My husband and I discuss more and more how people are slowly realizing the toxicity of the internet, particularly “news” sites and social media. Neither of us are on any of the social media apps. Our friends are those from church, work or school. We take great consolation knowing that people are realizing spending hours on the internet and social media are shallow. Books are being published (, e.g. “Deep Work” by Cal Newport) specifically discussing the addiction of these behaviors, the shallow work inolved and returning instead to a life filled with “deep work”, i.e. focused comcentration on daily tasks towards goals.

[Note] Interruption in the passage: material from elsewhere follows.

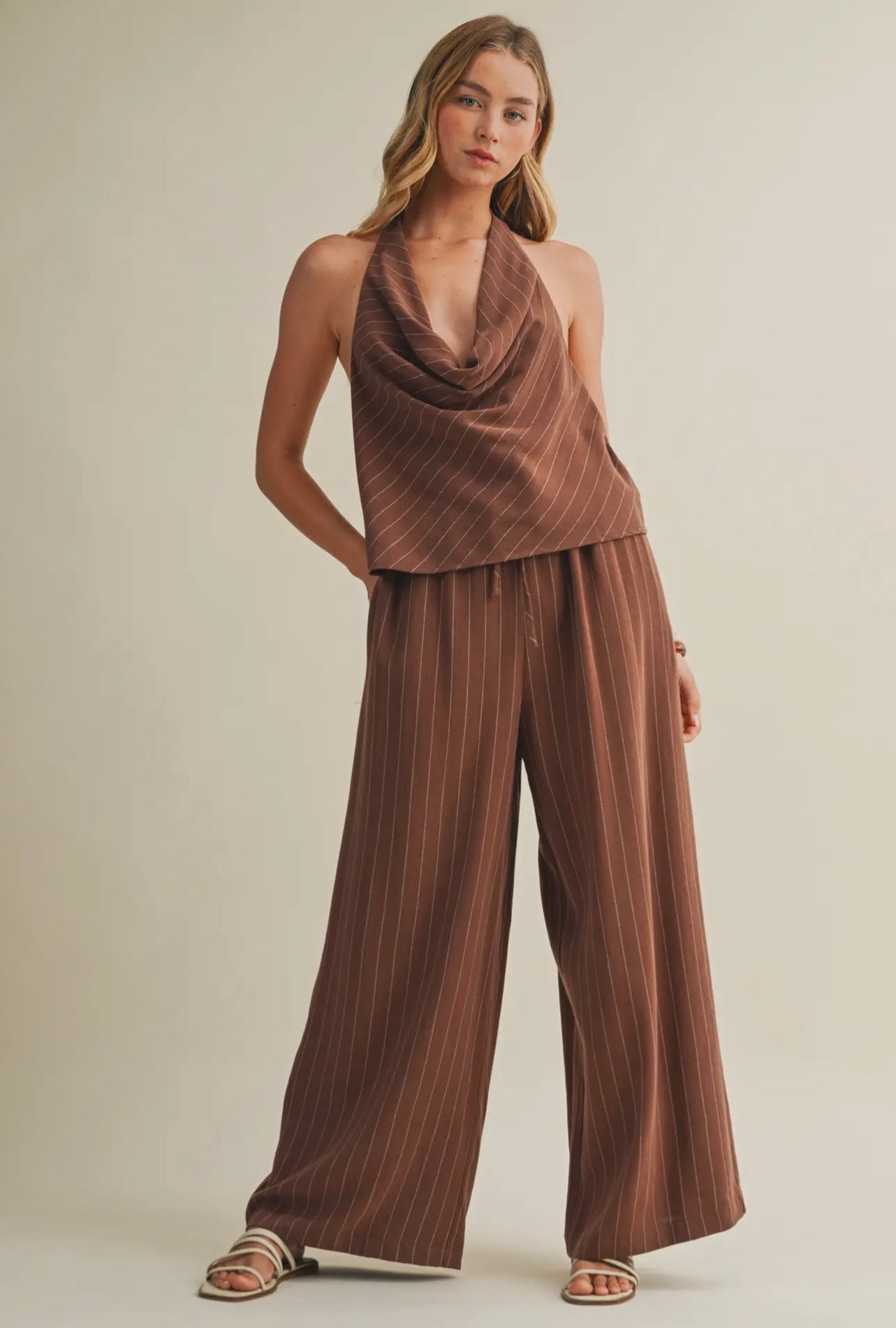 Stripe halter neck top with wide leg pant set

For Lent my husband gave up sugar while I gave up email. He has lost 10 pounds and I havent checked email once since Ash Wednesday. We both embraced for Lent a traditional day to day existence including adopting the Suscipe Prayer of St Ignatius of Loyola which really put the world in perspective

It is not too late to receive many of God’s graces this Lent. Start with the Suscipe Prayer:

“Take, Lord, and receive all my liberty,
my memory, my understanding,
and my entire will,
All I have and call my own.

You have given all to me.
To you, Lord, I return it.

Everything is yours; do with it what you will.
Give me only your love and your grace,
that is enough for me.”
- St Ignatius of Loyola

Unplug from the internet and see God face to face with those in your midst just as Jesus taught. Be a “culture of encounter” - Pope Francis.

arthur mccaffrey
6 years 9 months ago

this is about a very anonymous, generic, superficial level of forgiveness.
I could not look my abuser in the eye and say "I forgive you". Bishop Desmond Tutu says that forgiveness has to be earned by the abuser, it is not a freebie that the victim hands out--which would negate the attitude expressed in this article, which seems more about playing at forgiveness, or practicing it for some future time when you will be really challenged to forgive your real enemy.

Sandi Sinor
6 years 9 months ago

Most of the suburban parishes where we live are very large, ranging from 1500 - 5000 families. FAMILIES, not individuals. If there are an average of two or three people in each family, there are thousands of people registered. Of course, only about 20% are active, but even with that, there are hundreds at each mass. Somehow it seems that this ritual would only workable in very small parishes.

MICHAEL MARCHAL
6 years 8 months ago

This is an thorough and personal presentation of the practice of Forgiveness Sunday. I have one real problem, though: it consistently speaks of this ritual as an Orthodox practice. Eastern Catholics observe exactly the same ritual. A greater sensitivity to the fact that not all Eastern Christians are Orthodox seems necessary.